Playful Machine Learning: An Interaction Designer’s Journey into Neural Networks – Andreas Refsgaard

In this article, interaction designer and artist Andreas Refsgaard describes how machine learning has become an integrated part of his practice. While still relying on coding for most of his work, training machine learning algorithms has changed his attitude towards a lot of problems and enabled him to see a whole new range of opportunities for projects.

Through his playful projects Andreas is actively seeking out unconventional connections between inputs and outputs using simple machine learning techniques. Games are controlled by making silly sounds, music is composed by drawing instruments on paper and algorithms are trained to decide what is funny, funky or boring. Recently Andreas has been experimenting with using machine learning to create new texts and images based on large amounts of training data and has created – an online bookstore which sells science fiction novels generated by an artificial intelligence. Overall, the paper demonstrates how machine learning can be used to create playful interactions, solve problems in human-computer interaction and help us ask important questions about the future of design.


We live in a time where artificial intelligence and machine learning seems to be everywhere. Not a week goes by without stories of how algorithms and robots are going to take our jobs, drive our cars, become our lovers, replace our pets or supersede our doctors. Along with all the buzz comes a lot of misconceptions and myths. When we think of machine learning or artificial intelligence, we think of automation, not creative opportunities. Additionally, artists and designers are often scared to enter the field, imagining that they need computer science PhDs and big server parks just to get started. And that is a shame, since there is lots of low hanging fruit out there for all creatives.

Trained as an interaction designer from Copenhagen Institute of Interaction Design (CIID) I am what you might call a creative technologist working within the field of art and design using code as my main tool. But during the last five years machine learning has become an integrated part of my practice, despite the fact that I have never had any formal education within the field or academic prerequisites beyond my long forgotten high school math.

While I still write code, training machine learning algorithms has somewhat changed my attitude towards a lot of problems and enabled me to see a whole new range of opportunities for projects. But what is the real difference between the two approaches?

Coding vs. training

When programming interactive prototypes, interaction designers traditionally rely on their ability to formulate logical structures and explicit relationships between inputs and outputs through code that executes in a predictable way.
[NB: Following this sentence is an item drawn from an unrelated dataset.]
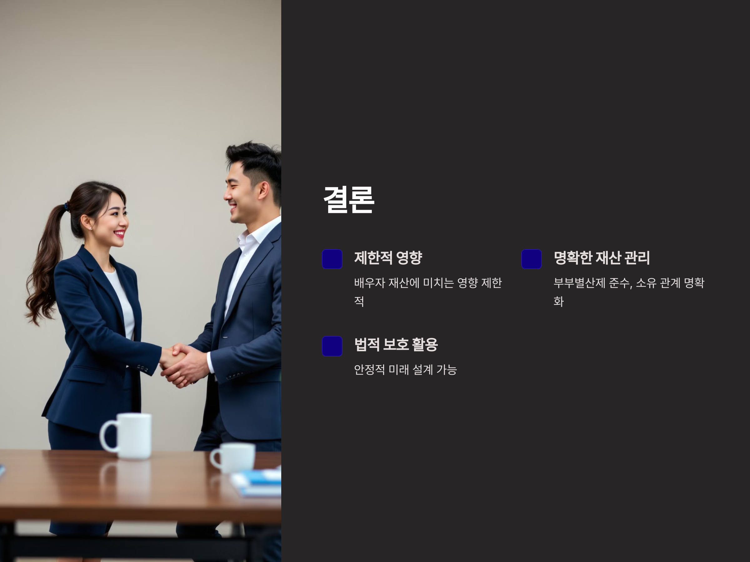 - 재산 분리 계약: 부부별산제를 강화하기 위해 재산 분리 계약을 체결하는 것도 고려해볼 만합니다.

Machine learning suggests a different kind of logic. Instead of relying on explicit sets of rules to determine a system’s behaviour, machine learning models learn by example, by looking for patterns within a set of examples or training data from a designer or performer, and makes the rules autonomously so as to conform to the performer’s expectation. This pattern recognition process is somewhat similar to our own mental processes for learning about the world around us and provides a lot of new opportunities for interaction designers, especially when dealing with input data too complex to account for via coding. To put some of these thoughts into context I will present a few projects built using fairly simple and accessible machine learning techniques.

Wolfenstein 3D controlled by sound

The first project is a hack of the old first-person shooter video game Wolfenstein 3D made with Lasse Korsgaard for our former studio Støj. Instead of relying on mouse and keyboard controls to play the game, we trained an algorithm to recognize and distinguish between a set of sounds and mapped each one to a different action within the game: Whistling moves the character forward, clapping opens doors, two different grunts turn you left and right and as for shooting? “Pew pew”, of course!

Fig. 1. Andreas Refsgaard & Lasse Korsgaard, Wolfenstein 3D controlled by sound. 2017.

The training in itself took no more than a few minutes, and essentially just required us to record a dozen examples for each of the different sounds. Although in no way perfect, this quick and dirty approach proved accurate enough to control the game.

We initially did this project to have something fun to show to a client interested in interactive machine learning. At first glance, it may seem a bit ridiculous, and the fact that it is not exactly easier to play games in this manner goes without saying. In an article from gaming website Kotaku covering our project, reporter Logan Booker came to the conclusion that he did not ‘see this method of game-playing catching on, outside of some specific circumstances’ (Booker, 2017).

Training alternative controls for a game or another interactive system, no matter how ludicrous they may seem, does however hint towards bigger goals and opportunities for interaction design and interactive art experiences. By enabling people to decide upon and train their own unique controls for a system, the creative power shifts from the designer of the system to the person interacting with it. In the case of Wolfenstein controlled by sound, the game simply becomes something else.

The shifting of power from the designer to the person interacting also points towards more inclusive systems, where users are free to change the systems to fit their specific preferred modes of interaction. Back in 2015 I made Eye Conductor, a system that helps people express themselves through music using only their eyes and facial gestures, as my final project at Copenhagen Institute of Interaction Design. Using a $99 eye tracker and a regular webcam, Eye Conductor detects the gaze and selected facial movements, thereby enabling people to play any instrument, build beats, sequence melodies or trigger musical effects.

Fig. 2. Andreas Reefsgard, Eye Conductor. 2015.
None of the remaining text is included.